CELL MECHANISM
The new study provides insight into how a critical mitochondrial enzyme, transhydrogenase (TH), works in a process that is key to maintaining healthy cells. Josephine Leung, courtesy of the Stout lab, The Scripps Research Institute.

Scientists are a step closer to understanding an ancient, evolutionary enzyme that is key to maintaining healthy cells and has been linked to diseases such as diabetes and cancer.

Biologists at The Scripps Research Institute (TSRI) were able to form crystals and determine the structure of TH, a metabolic enzyme produced in most forms of life on Earth.

The enzyme nicotinamide nucleotide transhydrogenase (TH) is found throughout the animal kingdom as well as in plants and many simpler species.

In humans and other higher organisms, it works within the mitochondria, the energy powerhouses of the cells.

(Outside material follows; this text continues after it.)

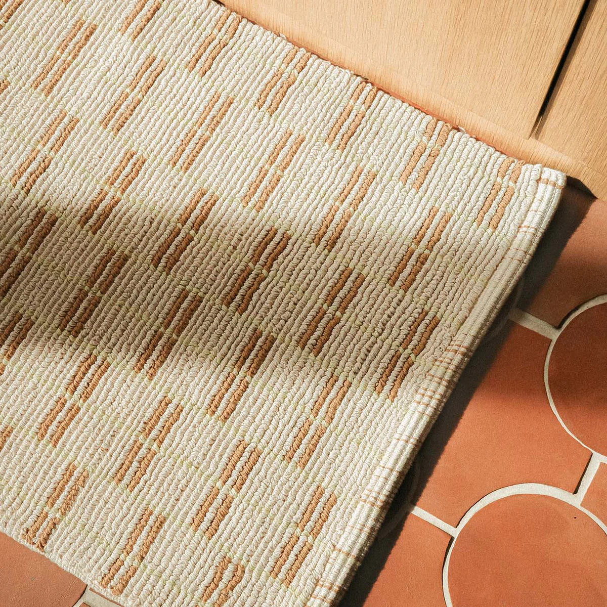 Lupe is our newest style of rug, featuring a smooth surface created by small tight loops. This easy piece has a beautiful broken check pattern in a quirky color combination of lime, tan, and natural. Offered in two sizes, we love this washable rug for kitchens and bathrooms.

The enzyme works to regulate a proton transit process leading to the production of a compound NADPH that defuses free radicals and keep cells healthy.

Given its loose structure, it has been difficult to pin down the enzyme in full and how it assembles from the various parts existing across the membrane.

The team was able for the first time to form crystals of the TH transmembrane portion and use X-ray
crystallography to determine its structure to a high atomic resolution.

The team also was able to grow crystals of the whole TH enzyme.

The electron microscopy data confirmed that TH naturally exists as a two identical copies bound together.

These side-by-side structures are highly flexible and always have different orientations.

"Our most striking finding was that the two domain III structures are not symmetric—one of them faces up while the other faces down," said Josephine H Leung, a graduate student in the Stout laboratory who was lead author of the study.

One of the structures is oriented to catalyse the production of NADPH, while the other turned to the membrane facilitates transit of protons (charged hydrogen atoms) back into the mitichondria, the researchers surmise.

The structural model also suggests that with each proton transit, the two structures flip and switch their functions.

While more work remains to be done to determine TH's precise structure and mechanism, the findings are a big step toward understanding the intricate molecular mechanism of the enzyme.

The work has been published in Science.